BEGIN
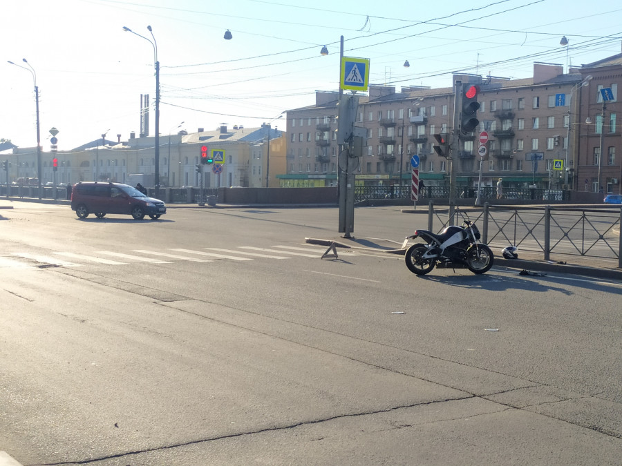 Дтп с мото примерно в 19:30 на Набережной Обводного канала, 116а. Мотоциклист жив, цел, помощь не нужна.
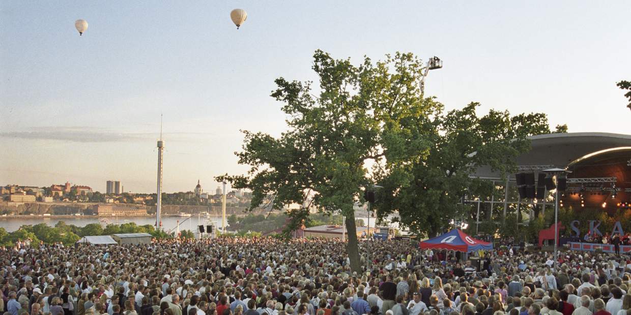 "alt": "A view over a sea of people visiting outdoor museum Skansen in Stockholm. Hot air ballons fill the summer skies. Famous landmarks are visible behind the crowds."
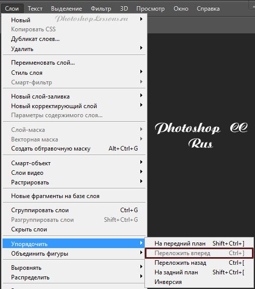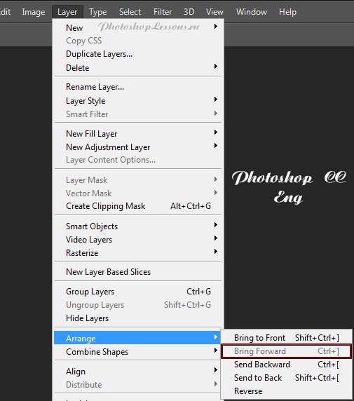 | Перевод Layer - Arrange - Bring Forward (Слои - Упорядочить - Переложить вперед / Ctrl+])Перевод и месторасположение Layer - Arrange - Bring Forward (Слои - Упорядочить - Переложить вперед) на примере Photoshop CC (Eng/Rus). На изображениях ниже вы можете наглядно увидеть месторасположение и перевод термина Layer - Arrange - Bring Forward (Слои - Упорядочить - Переложить вперед / Сочетание клавиш «Ctrl+]») на примере Английской и Русской версии Photoshop CC (2014). ![]() ![]() |
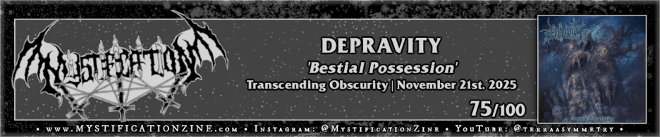 Perth, Australia-based death metal quintet DEPRAVITY return for a third full-length album in ‘Bestial Possession‘ and for the first time they pull at least one or two punches. That is to say that their work here is still belligerent, a product of peak Nile and Behemoth indebted “blackened” death excess in the mid-2000’s when any sort of groove or tech-death abraded phrasing is concerned, but they take a breath here and there to break things up (re: “Call to the Fallen”). If you are a fan of Polish death metal’s heyday in the post-millennium I think you’re particularly going to appreciate where this record goes but they’re into moshable brutal death metal in any sense (“Awful Mangulation”) and this starts to override some of the stuff we’ve heard a million times otherwise. More shredding leads, more atmosphere in general and the same spine-whipping pace you’d expect make for brutal scrub through, it’ll have some instant appeal in that sense. I’d felt like the cranked to eleven modus eventually overtakes all, quieting the more nuanced movement in between rallying, but per this type of death metal it very well should. Check out closer “Catastrophic Contagion” if nothing else.
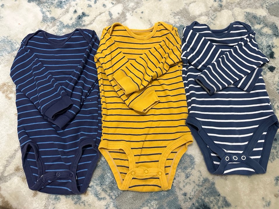 Sarı çizgili, uzun kollu ve bisiklet yakalı pamuklu bebek body. Basit ve şık tasarımıyla rahat kullanıma uygundur. 2 tanesi carters marka 1 tanesi hm marka.
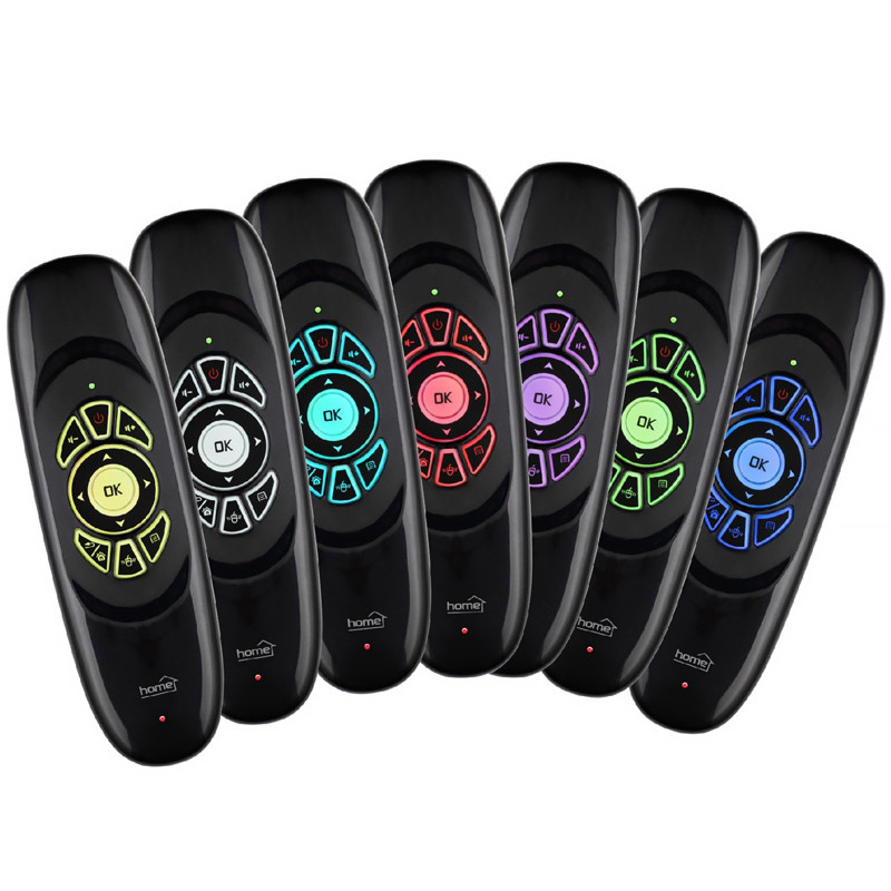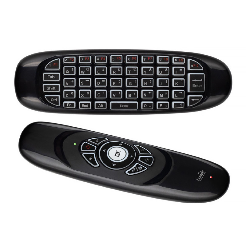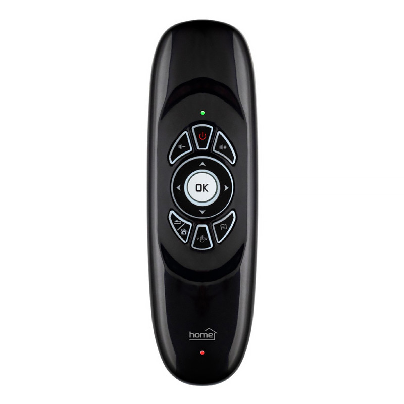 Univerzálny diaľkový ovládač, rádiový • bezdrôtová myš, klávesnica, herný ovládač • manuálna myš (◄ ►▲▼) a 3D AirMouse • nastaviteľná rýchlosť ukazovateľa myši • 3-osový gyroskopický snímač pohybu • anglická klávesnica • 7 farebných, podsvietených tlačidiel • žiadna výmena batérie, má zabudovaný akumulátor
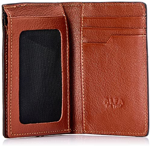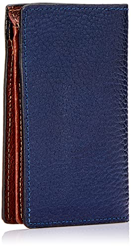 Alfa Leather Co. - محفظة جلد لونين مستطيلة بشعار امامي للرجال من الفا ليذر كو - كحلي وجملي
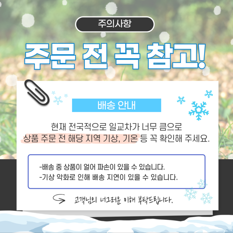 - 상품문의 및 후기게시판을 통해 취소나 환불, 반품 등은 처리되지 않습니다.
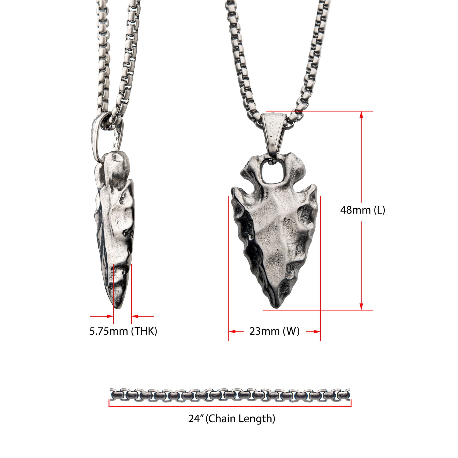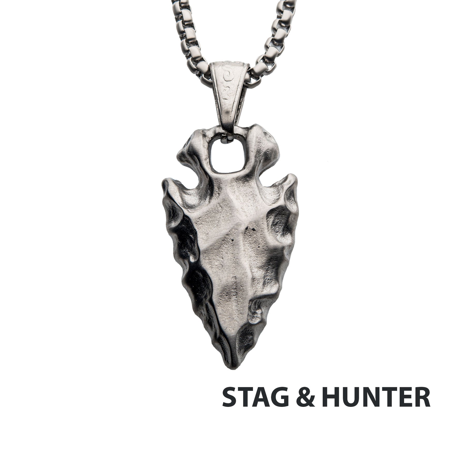 Arrowhead Collection- Reminiscent of the Native American past, mixed in with the grit of frontiersmen, the arrowhead pendant is a symbol of the warrior inside all of us. New styles feature ""chiseled"" arrow tips in steel, and Genuine Semi-Precious Stone inlay with wildlife markings design on the reverse revealing more of the pattern unique to each natural stone.
END
What you need to do »
What you return from the records above should be exactly everything from the line with "Univerzálny diaľkový ovládač, rádiový" down to the line with "- 상품문의 및 후기게시판을 통해 취소나 환불, 반품 등은 처리되지 않습니다.", both kept, and no pictures.

Task result »
 Univerzálny diaľkový ovládač, rádiový • bezdrôtová myš, klávesnica, herný ovládač • manuálna myš (◄ ►▲▼) a 3D AirMouse • nastaviteľná rýchlosť ukazovateľa myši • 3-osový gyroskopický snímač pohybu • anglická klávesnica • 7 farebných, podsvietených tlačidiel • žiadna výmena batérie, má zabudovaný akumulátor
 Alfa Leather Co. - محفظة جلد لونين مستطيلة بشعار امامي للرجال من الفا ليذر كو - كحلي وجملي
 - 상품문의 및 후기게시판을 통해 취소나 환불, 반품 등은 처리되지 않습니다.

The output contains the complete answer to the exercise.